Personne. Qu’a-t-elle de révolutionnaire, cette autoproclamée révolution
sexuelle ? Rien. » Il cite ensuite Michel
Bozon, directeur de recherche à l’Institut national d’études démographiques :
« On pourrait plutôt décrire les transformations contemporaines comme
le passage d’une sexualité reposant sur des disciplines internes. Il ne
s’agirait pas d’une libération mais d’une intériorisation et d’un
approfondissement des exigences sociétales. Aujourd’hui, pas plus qu’hier, il
n’y a d’autonomie de la sexualité. »
Tal
Madesta dénonce encore les ravages du développement
personnel et des vendeurs de sextoys, qui
transforment la sexualité en thermomètre de la valeur d’un individu, et en font
l’unique vecteur de liens intimes. Les applications de rencontre représentent
l’acmé de ce phénomène.
Jeanne,
24 ans, en est revenue. « Les applis, c’est un peu le Uber Eats du sexe. On s’en lasse vite. Si on mange thaïlandais
tous les jours, on n’a peut-être plus trop envie de manger thaïlandais. On sait
que c’est là, au cas où. » Au début, la jeune femme trouvait cette
abondance de chair disponible « très excitante », et
consultait l’appli plusieurs fois par jour. Les confinements de 2020, par
ailleurs, ont rendu, selon de nombreux jeunes, les échanges plus intenses. « On
avait que ça à faire, alors on discutait longtemps, de tout, se souvient
Jeanne. Mais aujourd’hui, c’est redevenu un truc de gros bourrin. On a
tendance à croire qu’avec les applis on a du sexe sur commande, alors que ce n’est
pas du tout vrai. Maintenant, on cherche la magie. Aujourd’hui, si je reçois un
message et qu’il n’est pas incroyable, je ne réponds même pas. Je connais la
chanson. Maintenant, je cherche l’étincelle, la rareté. Et à force de chercher
l’exception, il ne se passe plus rien. »
Moins
mais mieux, cela semble être aussi la démarche de Cameron, jeune homosexuel de
23 ans, qui voudrait tout recommencer. Étudiant à Clermont-Ferrand, il avait
pour habitude de consommer la sexualité. Mais en 2021, à la fin de sa licence,
il s’engage en service civique pendant un an. Avec ses collègues engagés,
polyamoureux et pansexuels, il découvre un tout nouveau « script »

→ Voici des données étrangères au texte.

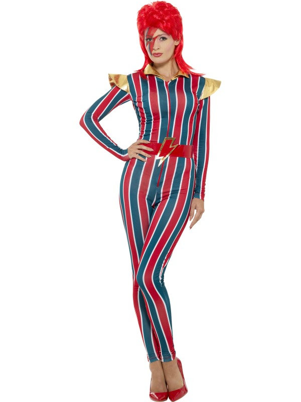 Miss Space Superstar Kostuum, bestaande uit een multi-gekleurde jumpsuit met riem.

de la sexualité. Il stoppe tout net. Cela fait plus d’un an et demi que le
jeune garçon n’a pas eu de rapports. Le soir, quand il sort, son père lui lance
souvent des blagues, goguenard, sur le fait qu’il ne rentrera pas seul. « Peut-être
que lui, à l’époque, il calculait ses sorties comme ça, tente l’étudiant. C’est
comme si, pour lui, je ne pouvais pas aller en soirée sans choper
quelqu’un. » Aujourd’hui, Cameron aimerait reprendre sa vie sexuelle à
zéro, loin des scénarios habituels (« l’homme pénètre et domine »)
et des injonctions à la virilité. « J’ai envie d’une deuxième
première fois. Mais cette fois-ci, je m’écouterai plus, je prendrai le temps de
connaître la personne, de faire des rendez-vous, de raconter ce que j’aime,
moi. Et on prendrait notre temps pour établir quelque chose rien qu’à
nous. »
Avec ou sans sexe, il s’agit surtout de vivre des émotions et
des relations qui ne soient pas nécrosées par les normes sociales. Tal Madesta a une
idée pour ça : il propose… d’aller au cinéma. Il y a pour lui plein
d’autres moyens d’investir son corps que les rapports sexuels, comme le sport
par exemple. Et pour construire des relations intimes, il préconise la réhabilitation de l’amitié, « cette
autre forme d’amour à laquelle on accorde le bénéfice de l’inconstance ». Selon
lui, l’amitié est dénigrée par rapport au couple car elle ne produit rien, pas
d’achat d’appartement, ni enfant, ni de déjeuner chez les beaux-parents, ni de
victime sociale, alors que c’est un bouclier social et politique. « Les
liens les plus fertiles sont aussi des moins rentables », conclut-il.